The first few lines of a book are no exception, often a harbinger of things to come. This calls to mind great opening lines like, “It was the best of times, it was the worst of times,” or “One fish, two fish, red fish, blue fish.”

Joe Macleod’s 2022 book, “Endineering,” starts with the following: “Many of us feel lost. Trapped in the oscillation between consumerism and concern. At one end are powerful, short-term individualistic desires satisfied by consumerism. At the other, the guilty experience of an overburdened environment and society.”

From this promising opening, Macleod offers a how-to guide for companies to consider around the "endings" of a product or service. In my various interactions with Macleod, I’ve learned a few key things about building better consumer off-boarding processes. He stresses the importance of building an emotional connection beyond the marketing, sales and onboarding of a product and extending it through the inevitable end of the relationship between the user and the product. He also encourages businesses to recognize the opportunities that arise when they put resources toward filling the gap at the end of a product’s life with a good customer experience.

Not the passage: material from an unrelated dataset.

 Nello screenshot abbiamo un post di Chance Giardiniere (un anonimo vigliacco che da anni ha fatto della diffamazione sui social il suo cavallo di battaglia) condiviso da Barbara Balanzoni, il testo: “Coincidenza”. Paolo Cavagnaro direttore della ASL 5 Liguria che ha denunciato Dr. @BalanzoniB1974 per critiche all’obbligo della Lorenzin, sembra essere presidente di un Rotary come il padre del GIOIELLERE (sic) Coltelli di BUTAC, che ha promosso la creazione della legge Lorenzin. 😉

Macleod defines endineering as “a shorthand term which refers to the practice, philosophy, tools and methods of creating consumer off-boarding experiences of a product, service or digital product.”

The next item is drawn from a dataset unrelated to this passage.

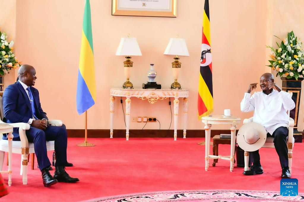 Transitional President of Gabon Brice Clotaire Oligui Nguema (L) meets with Ugandan President Yoweri Museveni in Entebbe, Uganda on Aug. 1, 2024. Nguema on Thursday arrived in Uganda for a three-day official visit. (Uganda Presidential Press Unit/Handout via Xinhua)

The importance of emotional connection

Companies have put considerable resources into the marketing, sales, packaging and shipping of products to tie to peoples’ emotions. Product teams think deeply about how a consumer feels when they use a product.

For the most part, though, companies haven’t finished the process. Once a product is in the customer’s hands, problematic characteristics of bad endings arise, according to Macleod:

  1. The relationship breaks: The relationship between customer and producer is complete after the initial transaction
  2. Asset definition is lost: When a product is no longer useful to the customer, the lack of infrastructure to continue usefulness diminishes its value
  3. Actors and actions are anonymized: We don’t know where our waste goes, and the producer doesn’t follow the product or material’s progress past the initial sale
  4. Routes to neutralizing are blurred: It is often difficult to figure out how to properly get rid of a product. We keep things we don’t need, dispose of them irresponsibly or donate in hopes that the nonprofit knows what to do with it. The product’s value is lost and its environmental impact locks in after a single use

The tendency of companies to abandon customers after onboarding leaves them feeling alone and abandoned, Macleod writes. Companies even make a smooth off-boarding process difficult to achieve. A common example is to design a product for disassembly and recyclability without providing the end user with a realistic method to achieve that end. 

In addition, companies use sterile, impersonal language for product off-boarding, which third parties, government entities and legislation often facilitate. Emotionless ends are missed opportunities. As a society, we tend to undervalue product ends so much that it results in on-package labeling that only tells a user what not to do. 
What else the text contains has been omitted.